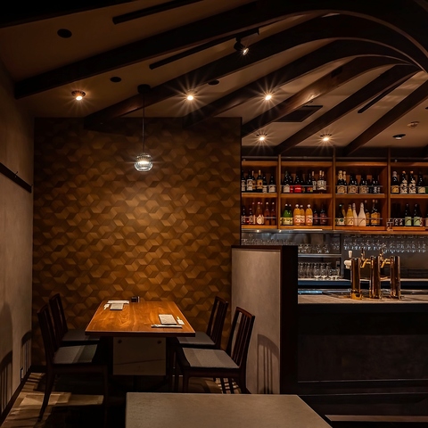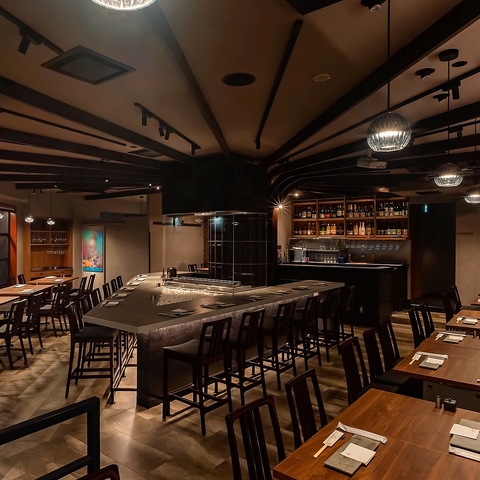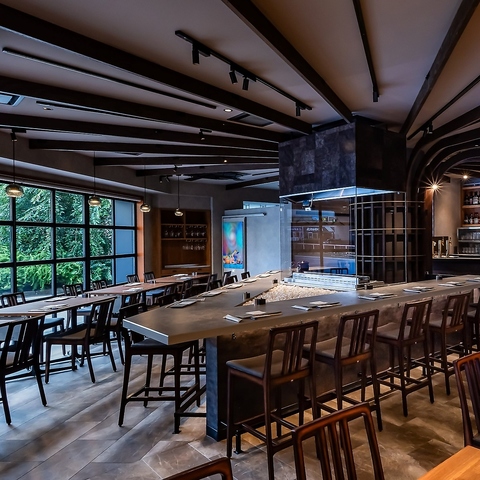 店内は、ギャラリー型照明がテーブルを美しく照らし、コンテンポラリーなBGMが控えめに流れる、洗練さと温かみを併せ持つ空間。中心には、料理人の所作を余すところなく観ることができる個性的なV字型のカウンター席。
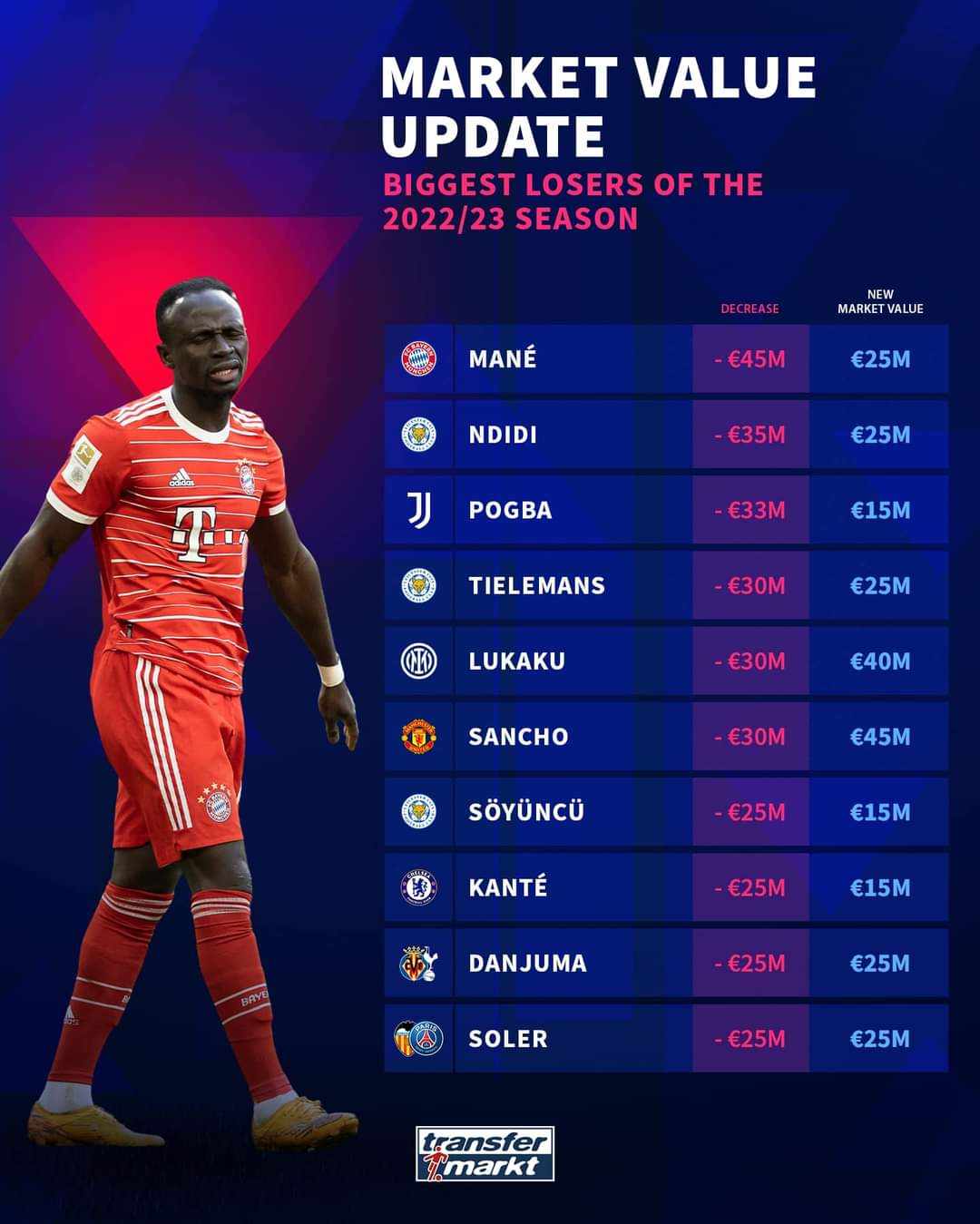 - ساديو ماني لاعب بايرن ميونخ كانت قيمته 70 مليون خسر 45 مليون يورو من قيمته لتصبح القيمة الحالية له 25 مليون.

-*-*-

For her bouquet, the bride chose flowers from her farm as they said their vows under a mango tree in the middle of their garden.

-*-*-

From the listing above, please give again the lines that begin with the line holding "店内は、ギャラリー型照明がテ" and go on through the line holding "- ساديو ماني", exactly, both ends included, minus any picture.

• _Solution for this task_
 店内は、ギャラリー型照明がテーブルを美しく照らし、コンテンポラリーなBGMが控えめに流れる、洗練さと温かみを併せ持つ空間。中心には、料理人の所作を余すところなく観ることができる個性的なV字型のカウンター席。
 - ساديو ماني لاعب بايرن ميونخ كانت قيمته 70 مليون خسر 45 مليون يورو من قيمته لتصبح القيمة الحالية له 25 مليون.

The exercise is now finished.